[Information provided]
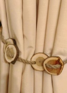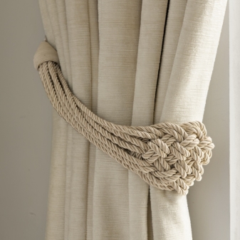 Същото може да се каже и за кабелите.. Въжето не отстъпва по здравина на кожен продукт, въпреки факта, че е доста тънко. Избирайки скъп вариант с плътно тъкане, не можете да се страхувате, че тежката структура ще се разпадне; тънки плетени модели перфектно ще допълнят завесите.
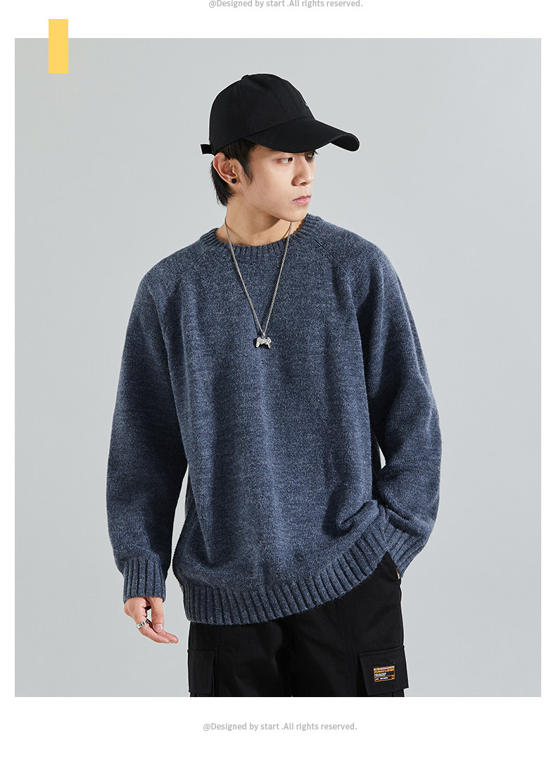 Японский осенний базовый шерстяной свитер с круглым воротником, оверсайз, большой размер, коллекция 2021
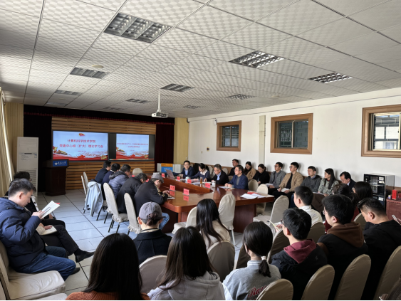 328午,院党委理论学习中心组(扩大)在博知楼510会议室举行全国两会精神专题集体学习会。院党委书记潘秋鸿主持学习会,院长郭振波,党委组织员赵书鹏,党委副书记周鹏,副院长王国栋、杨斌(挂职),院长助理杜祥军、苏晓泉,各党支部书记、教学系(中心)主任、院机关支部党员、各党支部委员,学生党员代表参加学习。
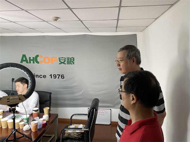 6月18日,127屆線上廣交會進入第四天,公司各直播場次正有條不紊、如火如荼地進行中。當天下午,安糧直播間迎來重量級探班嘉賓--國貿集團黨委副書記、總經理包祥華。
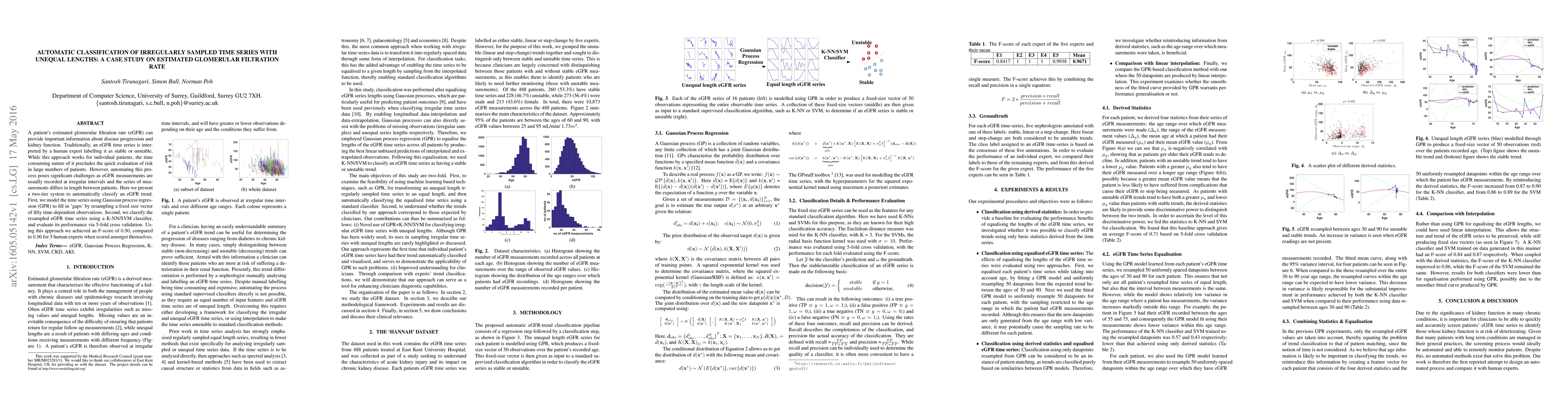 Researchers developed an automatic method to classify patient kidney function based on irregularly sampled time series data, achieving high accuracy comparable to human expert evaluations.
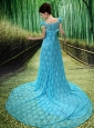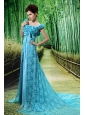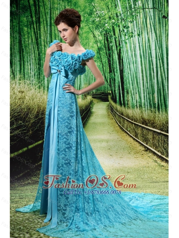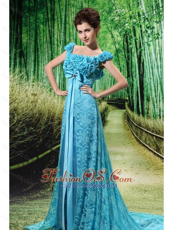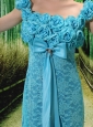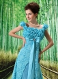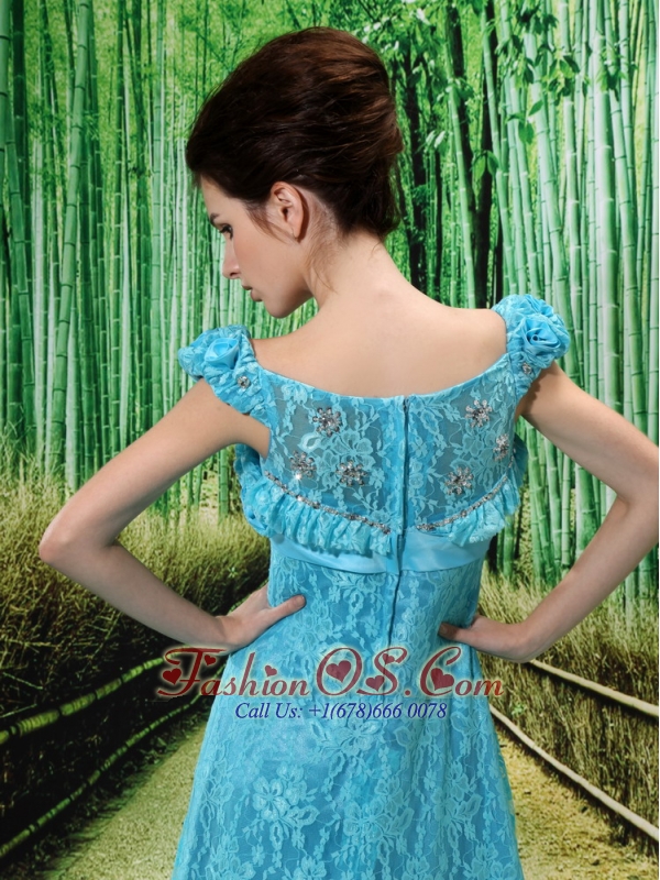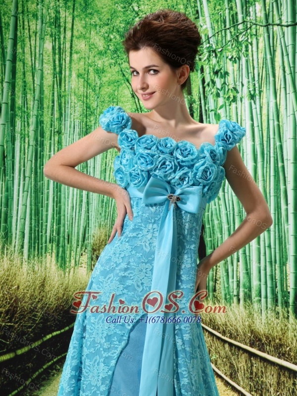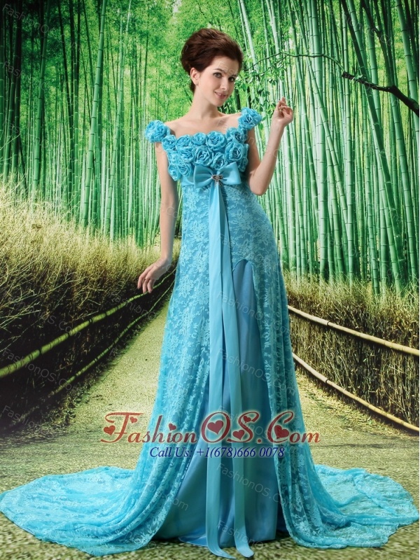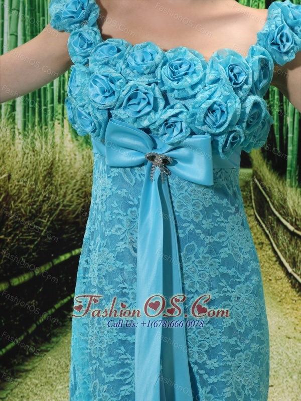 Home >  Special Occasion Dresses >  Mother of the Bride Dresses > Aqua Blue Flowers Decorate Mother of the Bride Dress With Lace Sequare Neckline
[/Information provided]
[Information provided]
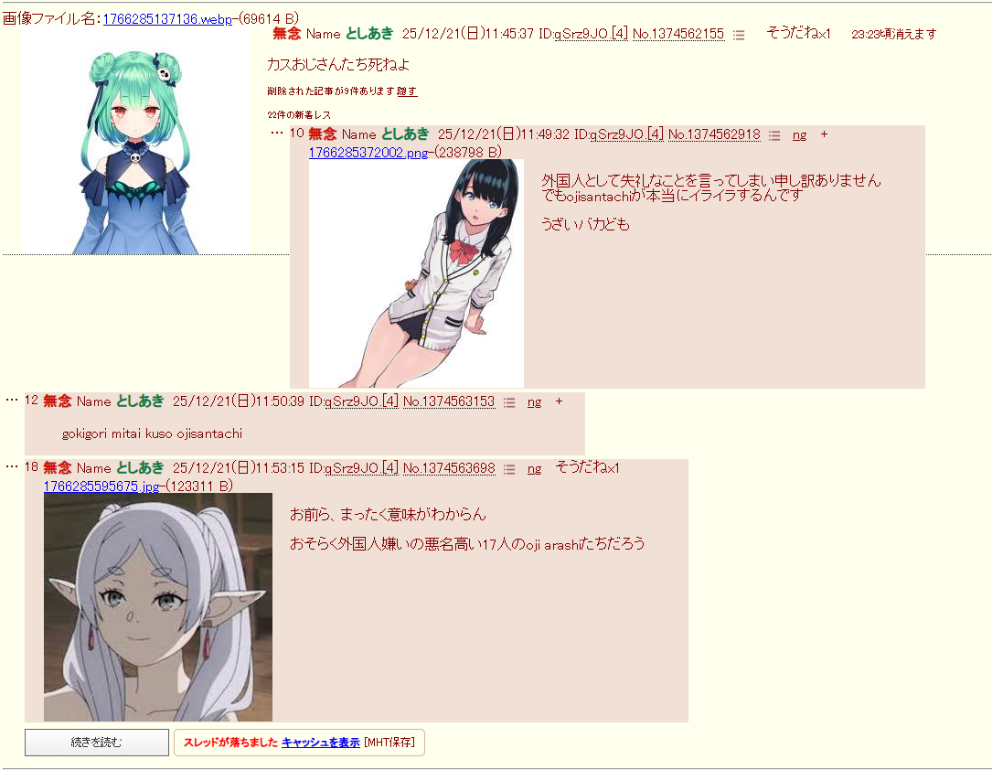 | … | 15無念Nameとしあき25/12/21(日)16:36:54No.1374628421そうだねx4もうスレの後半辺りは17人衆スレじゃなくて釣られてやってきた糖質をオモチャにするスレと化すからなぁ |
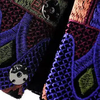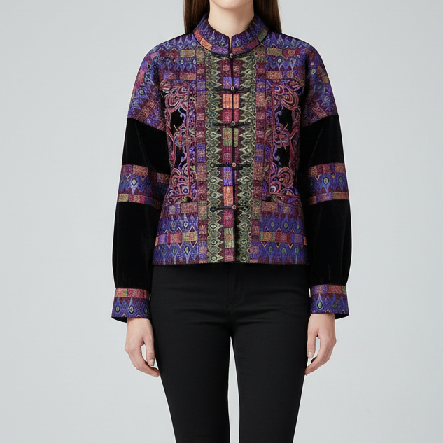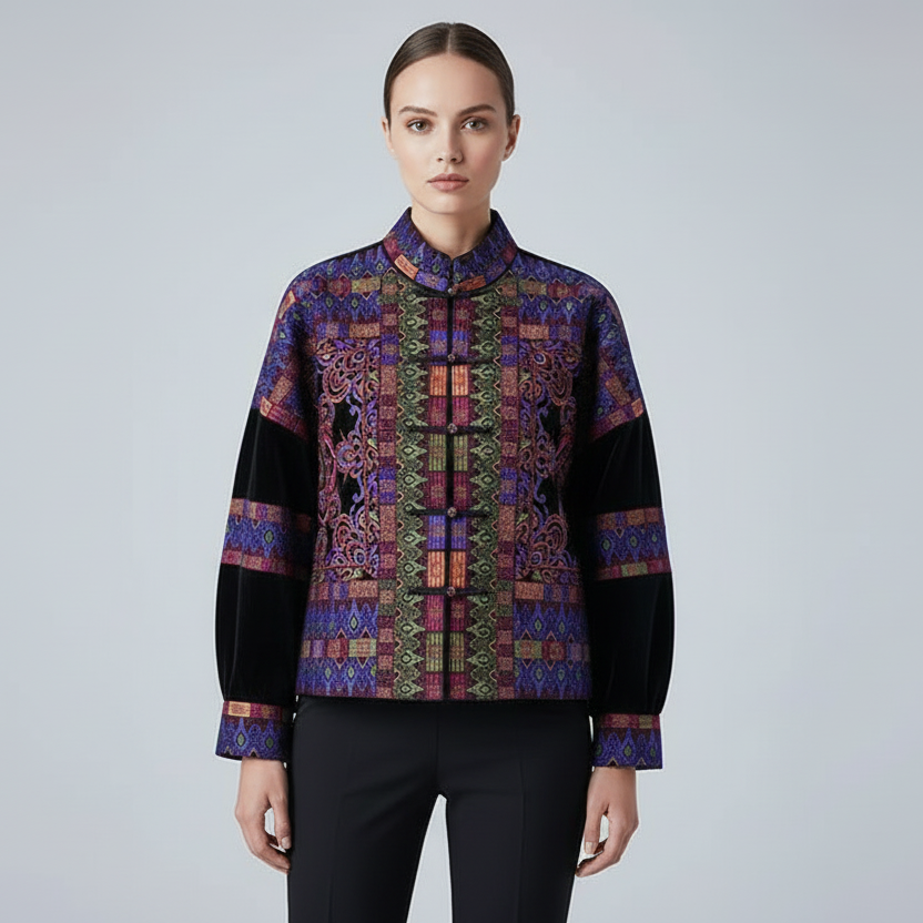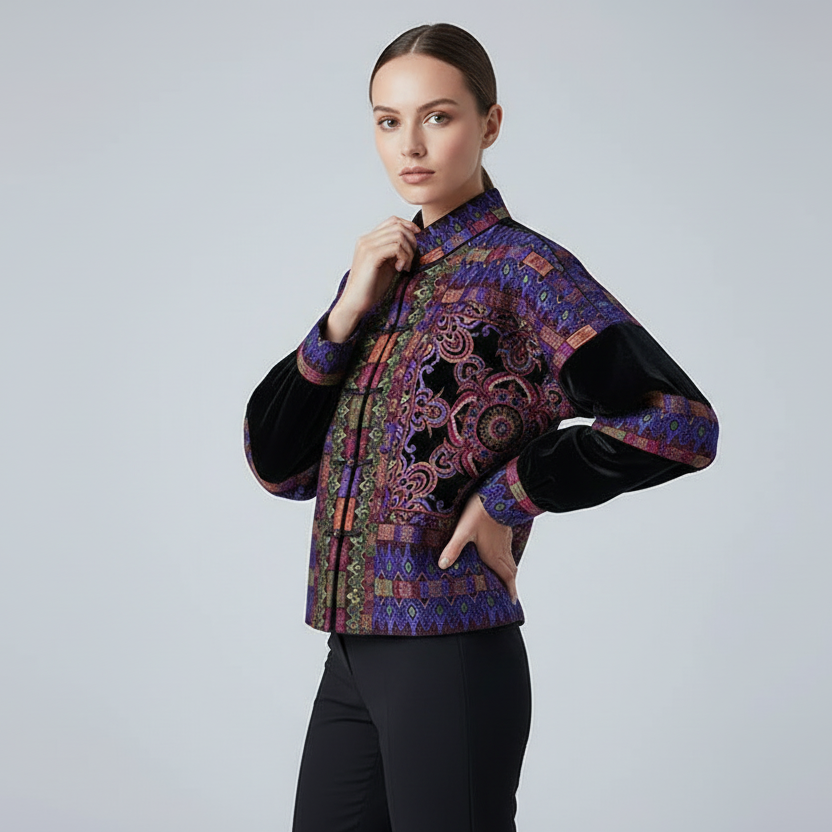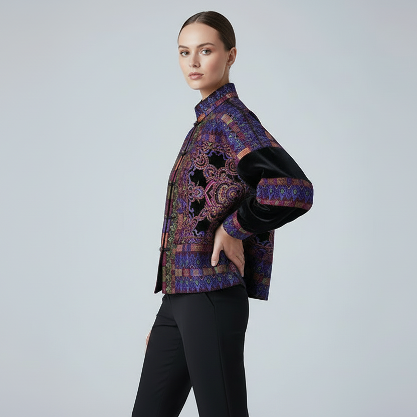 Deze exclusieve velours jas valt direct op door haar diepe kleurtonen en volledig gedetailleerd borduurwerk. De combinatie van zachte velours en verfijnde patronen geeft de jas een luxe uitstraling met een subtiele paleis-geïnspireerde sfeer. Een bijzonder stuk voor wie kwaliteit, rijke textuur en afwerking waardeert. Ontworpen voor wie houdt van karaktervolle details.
[/Information provided]
Give again the lines of the listing above that run from the one with "Researchers developed an" up to and including the one with "Home >  Special Occasion". Keep them exact and omit the pictures.

 Researchers developed an automatic method to classify patient kidney function based on irregularly sampled time series data, achieving high accuracy comparable to human expert evaluations.
 Home >  Special Occasion Dresses >  Mother of the Bride Dresses > Aqua Blue Flowers Decorate Mother of the Bride Dress With Lace Sequare Neckline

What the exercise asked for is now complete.